First of all, every tall building is supplied with multiple sources of electricity, including feeds for normal power, usually supplied by the local electrical utility company (LEUC), and an emergency or standby source of power, usually supplied from on-site engine-generator sets.
The LEUC supplies the building with medium-voltage power from one or more utility sub-stations. Ideally, the supplies are fed from multiple sub-stations to increase the reliability of the main electrical system. The utility supply will enter the building from below grade and usually terminates in a main switch room. Often, the location of this electrical room depends on the demands of the LEUC.
A significant concern is that each LEUC has its own idiosyncrasies. In some jurisdictions, the LEUC has no requirements for the main switch room at all, and it can be located anywhere within a basement area. In other jurisdictions, the LEUC may require that the main isolation equipment (switchgear or ring-main units) be located as close as possible to the outside wall where the service enters the building. Other LEUCs, such as the Dubai Electricity and Water Authority (DEWA), in the case of Dubai, may demand that this isolation equipment be located in a room at street level, directly accessible from the outside or in a completely separate building at the site property line.
Therefore, it is essential that the electrical engineer contacts the LEUC as early as possible to determine if there are specific requirements for the service entrance equipment and its location. At this early stage, the engineer also should determine the codes and standards that the LEUC requires for electrical system design. The engineer will likely find that the LEUC has a set of additional design requirements specific to local conditions and local practices. Often these are not obvious, and if the engineer does not uncover these early, it can be costly to the engineer and to the owner.
At a late stage in the design of the Burj Lofts and Burj View buildings in Dubai, DEWA insisted on the addition of a low-voltage main isolation room at the ground level. This change required close cooperation between the engineer and architect to accommodate the room with the least impact on the design and loss of leasable space.

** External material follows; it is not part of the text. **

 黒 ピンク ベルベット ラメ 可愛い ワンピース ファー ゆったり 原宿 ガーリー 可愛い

A similar situation occurred during the construction of the Emaar Residential Towers in Dubai. In this case, DEWA changed its high voltage regulations during construction, so that a ground floor ring main unit (RMU) room had to be added, with a significant impact on the construction process and, once again, loss of leasable space.

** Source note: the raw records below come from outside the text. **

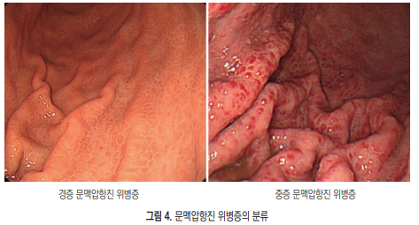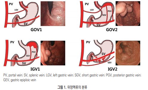 위정맥류의 분류는 식도정맥류와의 관계 및 위치에 따라 위식도정맥류 (gastroesophageal varices, GOV)와 단독 위정맥류(isolated gastric varices, IGV)로 나뉜다(그림 1). 위식도정맥류는 식도정맥류가 위의 소만을 따라 확장 된 경우(GOV type1, GOV1)와 위바닥(fundus)으로 확장된 경우(GOV type 2, GOV2)로 나뉘며, 단독 위정맥류는 독립된 정맥류가 위바닥에 위치한 경우 (IGV1)와 위 내 다른 부위 또는 십이지장 등에서 관찰되는 경우(IGV2)로 나뉜다. GOV1의 발생 빈도는 74%로 가장 많았다.
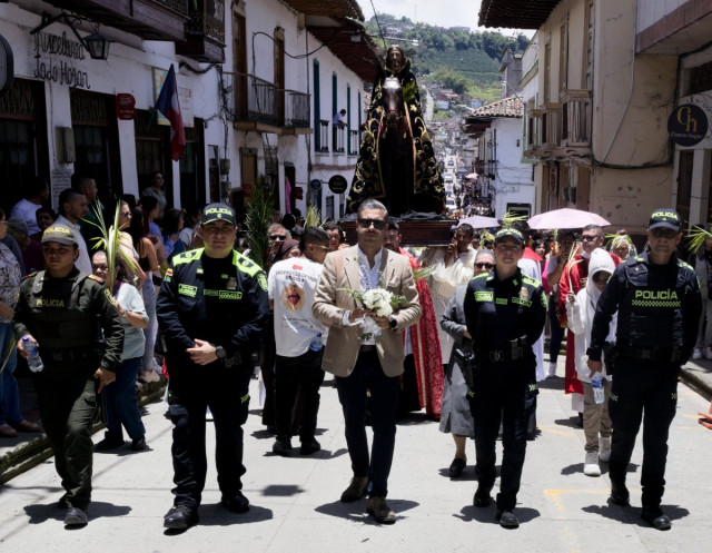 En este pueblo patrimonio del Norte de Caldas, la afluencia en las calles fue el complemento de la procesión que marca el inicio de la Semana Santa.
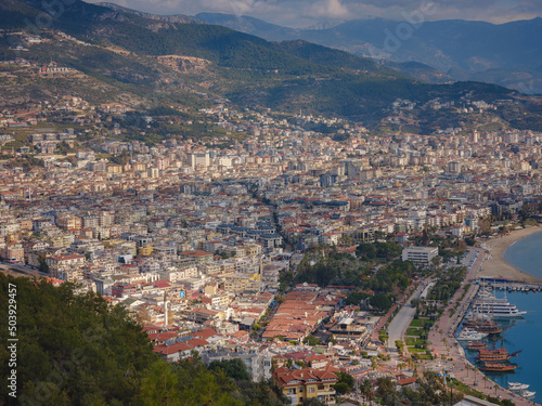 Alanya, turkey, winter walk by mediterranean sea. Ariel view of Alanya harbor from Alanya peninsula. Turkish Riviera by winter day. Beautiful cityscape. Turkish resort.

The medium-voltage supply must be transformed down to the utilization voltage (480 volts in the United States, 600 volts in Canada, and 400 volts or 380 volts in much of Europe and Asia). In standard buildings, the transformers are located at or below ground level. In extra tall buildings, transformers at low levels are insufficient. At some height, the voltage drop caused by the impedance of the supply conductors will become significant and the supply voltage will fall below acceptable values. The architect’s design must therefore accommodate service levels in the upper parts of the building, in which additional transformers are located.
Selecting the location of the service level requires cooperation between the engineer and the architect. The engineer will require the service levels to be located where they can adequately service selected floors. The architect will consider issues such as the impact on the esthetics of the fa%%CBOTTMDT%%ade, the space requirements and space constraints, the impact of the service space on adjacent spaces and the transportation of equipment to and from the service room. In the Emirates Towers, the transformer rooms at the upper level are located close to the elevator shafts, so that transformers can be transported through the elevator shaft in the event that one must be replaced.
Medium-voltage cables must be fed to the transformers on the upper levels. Frequently, the owner or LEUC will demand that the medium-voltage cables be kept completely separate from any low voltage equipment and routed up the building in separate accessible spaces. The access is necessary so that the cables can be secured and supported at regular intervals so as to relieve stress on the cables, and to limit their movement under short circuit conditions.
But what about emergency power? To ensure safety in the event of a normal power outage, emergency power generation is required. The emergency generators also may be used to provide a reduced level of service to non-critical items.
When selecting the generation system, the electrical engineer must decide between low-voltage or medium-voltage generators. Selecting medium-voltage generators allows for the use of fewer, larger generating units, all of which can be located at a low level. However, a medium-voltage emergency system will require a sophisticated transfer scheme—more costly than low-voltage equipment. In addition, some LEUCs will not permit the use of such an arrangement.
Conversely, selecting low-voltage generators will require more generator units. And due to voltage drop, they will have to be distributed throughout the building on service floors. Moreover, electrical and mechanical engineers must coordinate their work to ensure that sufficient combustion air and ventilation is provided to the generator rooms, and to ensure that the exhaust, fuel and cooling systems are correctly designed.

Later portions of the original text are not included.